The Atlantic magazine on Tuesday released an apologetic statement regarding the Scientology-sponsored blog post that sparked outrage and ridicule across the Internet this week.
“We screwed up,” wrote the magazine’s spokesperson, Natalie Raabe. “It shouldn't have taken a wave of constructive criticism -- but it has -- to alert us that we've made a mistake, possibly several mistakes. We now realize that as we explored new forms of digital advertising, we failed to update the policies that must govern the decisions we make along the way.”
Journalism circles were aflutter on Tuesday morning, tweeting and blogging relentlessly over the controversial sponsored article, which was part of an advertorial package paid for by the Church of Scientology. The offending post -- a 1,000-word approbation of ecclesiastical leader David Miscavige and his accomplishments -- looked much like an ordinary Atlantic article aside from a yellow button marked “sponsor content.”
“2012 was a milestone year for Scientology,” read the lead, “with the religion expanding to more than 10,000 Churches, Missions and affiliated groups, spanning 167 nations -- figures that represent a growth rate 20 times that of a decade ago.”
When the post first appeared on Monday afternoon, no shortage of online publications quickly saw irony in a 155-year-old magazine co-founded by Ralph Waldo Emerson reducing itself to a shrill for L. Ron Hubbard. “The Atlantic is now publishing bizarre, blatant Scientology propaganda as ‘sponsored content,’” Gawker scoffed.
Backlash on Twitter poured in quickly, including criticism from some members of the magazine’s own editorial staff. “There’s no time like the present to tout my friend Larry Wright’s great new investigation of the Church of Scientology,” posted the Atlantic’s national correspondent, Jeffery Goldberg, in reference to Wright’s highly anticipated Scientology expose, “Going Clear.”
The controversy received its share of mockery as well. Comedy Central’s Indecision website spoofed the incident with a satirical blog post titled “Presbyterians Are Awesome!”
By 11:30 p.m. on Monday night, the offending blog post was gone, replaced by the following messages: “We have temporarily suspended this advertising campaign pending a review of our policies that govern sponsor content and subsequent comment threads.” Its removal didn’t stop several websites -- including Ad Age, Business Insider and Gothamist -- from reposting the advertorial in its entirety. The post can also be viewed here via a Google cache.
Despite the ensuing controversy, reactions to the sponsored post have been mixed, with many commenters shrugging their virtual shoulders at what appears to be business as usual on the Internet. “It’s an ad,” wrote one Gawker reader. “Seriously, aesthetics aside, what's the problem?”

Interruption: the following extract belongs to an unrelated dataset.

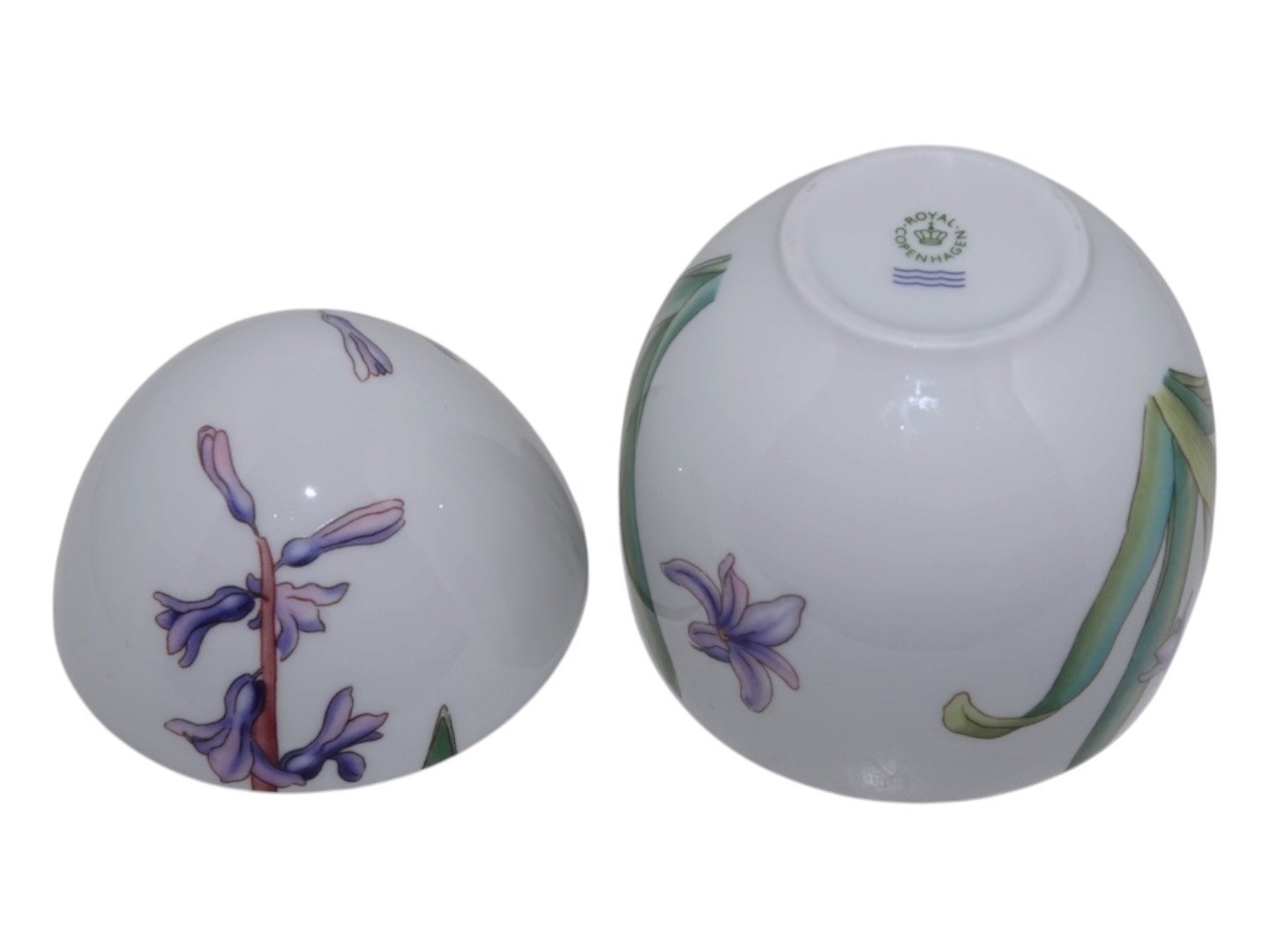 Royal Copenhagen påskeæg bonbonniere dekoreret med blå hyacint.

At the heart of the debate is the growing prevalence of so-called native advertising -- sponsored content dressed up to resemble a media company’s specific publishing platform, thereby allowing ads to integrate more seamlessly. A native ad can be as simple as a sponsored tweet on Twitter or as expansive as an essay-like blog post like the Atlantic’s, which was barely distinguishable from its editorial content.
Depending on whom you ask, native ads are either a scourge to society or the savior of the digital economy. Marketers and advertisers have long bemoaned the ineffectiveness of traditional Web banner ads, and much research agrees with them. According to the 2012 “State of Online Advertising” report, 54 percent of consumers say banner ads do not work, and 68 percent say they find online advertising “annoying.”
Conversely, native advertising has a growing chorus of champions, including the Atlantic’s publisher, Jay Lauf, who told the website Digiday back in September that the publication was doubling down on its efforts to incorporate native ads on its website. “A lot of people worry about crossing editorial and advertising lines, but I think it respects readers more,” Lauf told Digiday’s Josh Sternberg. “It’s saying, ‘You know what you’re interested in.’ It’s more respectful of the reader that way.”
The Atlantic did not respond to a request for comment about its future use of native advertising in light of the controversy, but judging from Raabe’s statement on Tuesday, Lauf may be forced to curb some of that avowed exuberance -- or at the very least, reevaluate it. “It's safe to say that we are thinking a lot more about these policies after running this ad than we did beforehand,” Raabe wrote. “In the meantime, we have decided to withdraw the ad until we figure all of this out. We remain committed to and enthusiastic about innovation in digital advertising but acknowledge -- sheepishly -- that that we got ahead of ourselves. We are sorry, and we're working very hard to put things right.”